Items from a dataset
★ ★ ★ ★ ★
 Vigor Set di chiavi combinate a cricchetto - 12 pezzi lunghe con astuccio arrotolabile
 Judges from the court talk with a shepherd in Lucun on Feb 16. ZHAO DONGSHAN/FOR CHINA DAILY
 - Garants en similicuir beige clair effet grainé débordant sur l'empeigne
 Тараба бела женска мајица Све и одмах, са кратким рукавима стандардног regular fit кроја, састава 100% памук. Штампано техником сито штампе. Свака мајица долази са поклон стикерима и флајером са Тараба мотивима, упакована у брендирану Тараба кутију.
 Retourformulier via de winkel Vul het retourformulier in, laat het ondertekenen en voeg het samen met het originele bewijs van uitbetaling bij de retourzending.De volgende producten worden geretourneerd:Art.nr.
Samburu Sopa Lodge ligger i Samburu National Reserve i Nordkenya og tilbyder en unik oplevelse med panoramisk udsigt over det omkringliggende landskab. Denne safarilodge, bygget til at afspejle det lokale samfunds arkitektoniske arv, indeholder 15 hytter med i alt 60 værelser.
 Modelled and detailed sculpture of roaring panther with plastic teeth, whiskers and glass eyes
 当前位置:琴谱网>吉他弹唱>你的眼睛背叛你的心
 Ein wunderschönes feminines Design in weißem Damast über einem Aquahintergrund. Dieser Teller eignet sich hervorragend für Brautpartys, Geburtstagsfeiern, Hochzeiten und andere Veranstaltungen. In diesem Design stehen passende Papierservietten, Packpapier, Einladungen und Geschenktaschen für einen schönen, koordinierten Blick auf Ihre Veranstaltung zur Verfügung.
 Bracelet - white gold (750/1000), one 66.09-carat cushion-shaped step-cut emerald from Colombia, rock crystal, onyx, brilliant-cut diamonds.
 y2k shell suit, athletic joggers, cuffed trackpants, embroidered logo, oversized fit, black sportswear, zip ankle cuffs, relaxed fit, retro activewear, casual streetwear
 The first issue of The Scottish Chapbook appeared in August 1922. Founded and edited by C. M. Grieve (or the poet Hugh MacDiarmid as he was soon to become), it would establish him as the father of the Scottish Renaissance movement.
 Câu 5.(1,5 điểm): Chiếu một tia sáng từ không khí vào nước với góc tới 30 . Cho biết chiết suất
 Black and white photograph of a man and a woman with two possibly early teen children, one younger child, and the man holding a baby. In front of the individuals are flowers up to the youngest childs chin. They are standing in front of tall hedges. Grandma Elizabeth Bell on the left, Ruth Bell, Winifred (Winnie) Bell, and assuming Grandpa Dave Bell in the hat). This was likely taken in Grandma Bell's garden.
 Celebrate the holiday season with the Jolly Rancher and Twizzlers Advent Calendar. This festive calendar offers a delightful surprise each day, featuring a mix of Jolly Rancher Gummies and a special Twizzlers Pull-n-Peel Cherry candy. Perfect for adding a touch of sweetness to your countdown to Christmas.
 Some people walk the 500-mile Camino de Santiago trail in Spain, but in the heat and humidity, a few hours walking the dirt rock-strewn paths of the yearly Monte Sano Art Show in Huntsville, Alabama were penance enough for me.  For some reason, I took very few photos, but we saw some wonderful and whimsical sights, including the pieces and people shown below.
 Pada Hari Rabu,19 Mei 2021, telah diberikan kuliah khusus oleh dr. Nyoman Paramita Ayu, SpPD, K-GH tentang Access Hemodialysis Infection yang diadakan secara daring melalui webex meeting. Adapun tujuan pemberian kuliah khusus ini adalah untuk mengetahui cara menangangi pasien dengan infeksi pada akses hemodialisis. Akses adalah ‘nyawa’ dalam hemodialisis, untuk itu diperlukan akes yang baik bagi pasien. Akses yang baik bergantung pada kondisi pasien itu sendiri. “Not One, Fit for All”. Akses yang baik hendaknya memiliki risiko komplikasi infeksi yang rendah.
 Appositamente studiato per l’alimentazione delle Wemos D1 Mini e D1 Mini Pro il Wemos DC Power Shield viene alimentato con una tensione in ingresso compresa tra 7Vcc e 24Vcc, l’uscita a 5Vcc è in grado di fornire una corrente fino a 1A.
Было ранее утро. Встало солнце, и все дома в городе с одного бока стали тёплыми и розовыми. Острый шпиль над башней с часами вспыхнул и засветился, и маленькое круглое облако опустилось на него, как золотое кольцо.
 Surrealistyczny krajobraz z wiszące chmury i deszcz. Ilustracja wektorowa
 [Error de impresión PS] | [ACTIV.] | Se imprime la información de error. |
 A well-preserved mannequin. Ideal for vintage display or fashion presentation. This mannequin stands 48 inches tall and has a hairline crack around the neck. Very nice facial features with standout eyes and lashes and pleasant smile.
★ ★ ★ ★ ★
- **Exercise prompt**
Set down exactly the lines from the start of the records to the line with "Bracelet - white". Include that line, and add nothing more.

- **Reply**
 Vigor Set di chiavi combinate a cricchetto - 12 pezzi lunghe con astuccio arrotolabile
 Judges from the court talk with a shepherd in Lucun on Feb 16. ZHAO DONGSHAN/FOR CHINA DAILY
 - Garants en similicuir beige clair effet grainé débordant sur l'empeigne
 Тараба бела женска мајица Све и одмах, са кратким рукавима стандардног regular fit кроја, састава 100% памук. Штампано техником сито штампе. Свака мајица долази са поклон стикерима и флајером са Тараба мотивима, упакована у брендирану Тараба кутију.
 Retourformulier via de winkel Vul het retourformulier in, laat het ondertekenen en voeg het samen met het originele bewijs van uitbetaling bij de retourzending.De volgende producten worden geretourneerd:Art.nr.
Samburu Sopa Lodge ligger i Samburu National Reserve i Nordkenya og tilbyder en unik oplevelse med panoramisk udsigt over det omkringliggende landskab. Denne safarilodge, bygget til at afspejle det lokale samfunds arkitektoniske arv, indeholder 15 hytter med i alt 60 værelser.
 Modelled and detailed sculpture of roaring panther with plastic teeth, whiskers and glass eyes
 当前位置:琴谱网>吉他弹唱>你的眼睛背叛你的心
 Ein wunderschönes feminines Design in weißem Damast über einem Aquahintergrund. Dieser Teller eignet sich hervorragend für Brautpartys, Geburtstagsfeiern, Hochzeiten und andere Veranstaltungen. In diesem Design stehen passende Papierservietten, Packpapier, Einladungen und Geschenktaschen für einen schönen, koordinierten Blick auf Ihre Veranstaltung zur Verfügung.
 Bracelet - white gold (750/1000), one 66.09-carat cushion-shaped step-cut emerald from Colombia, rock crystal, onyx, brilliant-cut diamonds.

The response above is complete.